Source material:
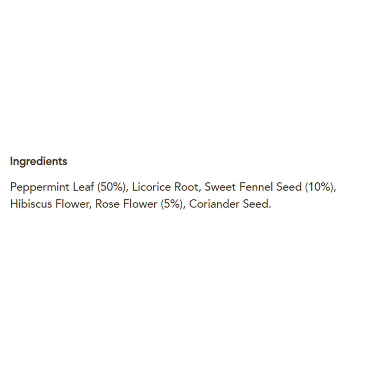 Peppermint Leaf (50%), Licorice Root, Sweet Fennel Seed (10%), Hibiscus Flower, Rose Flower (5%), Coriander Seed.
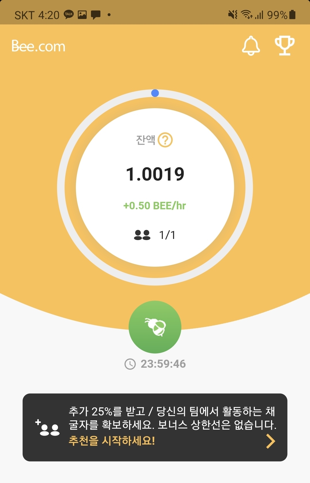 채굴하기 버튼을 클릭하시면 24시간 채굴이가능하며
* * *
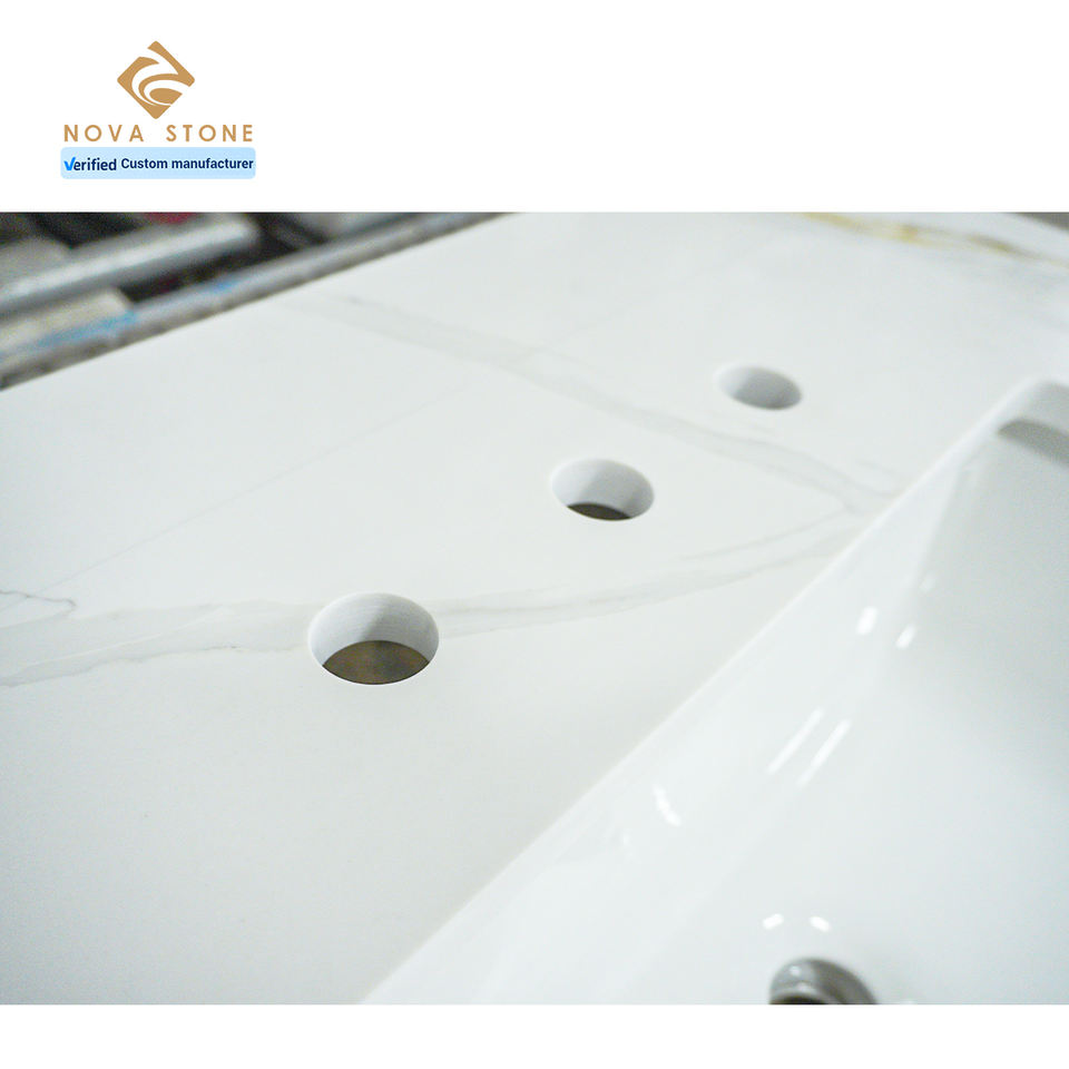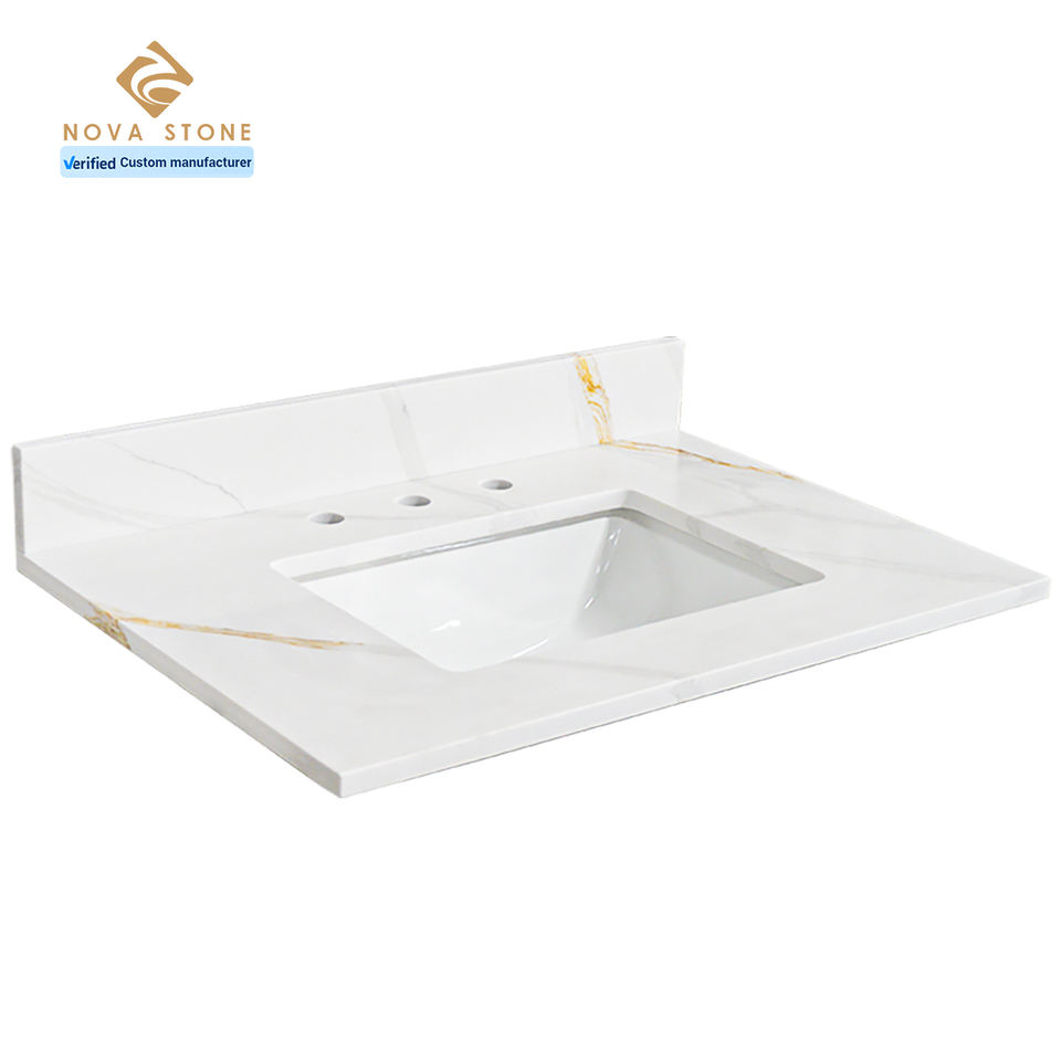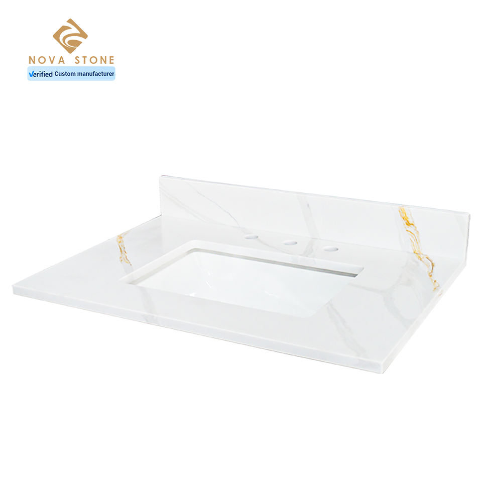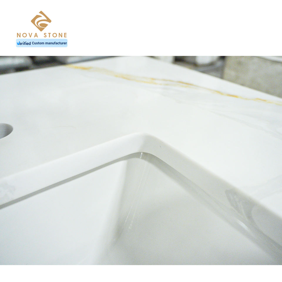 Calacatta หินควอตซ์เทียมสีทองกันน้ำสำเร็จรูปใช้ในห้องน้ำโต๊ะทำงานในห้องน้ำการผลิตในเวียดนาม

What you will do: Having found the line with "Peppermint Leaf (50%), Licorice" and the line with "채굴하기 버튼을 클릭하시면 24시간 채굴이가능하며" in the material above, write out exactly those two and every line between, leaving the pictures out.

Response to the task:
 Peppermint Leaf (50%), Licorice Root, Sweet Fennel Seed (10%), Hibiscus Flower, Rose Flower (5%), Coriander Seed.
 채굴하기 버튼을 클릭하시면 24시간 채굴이가능하며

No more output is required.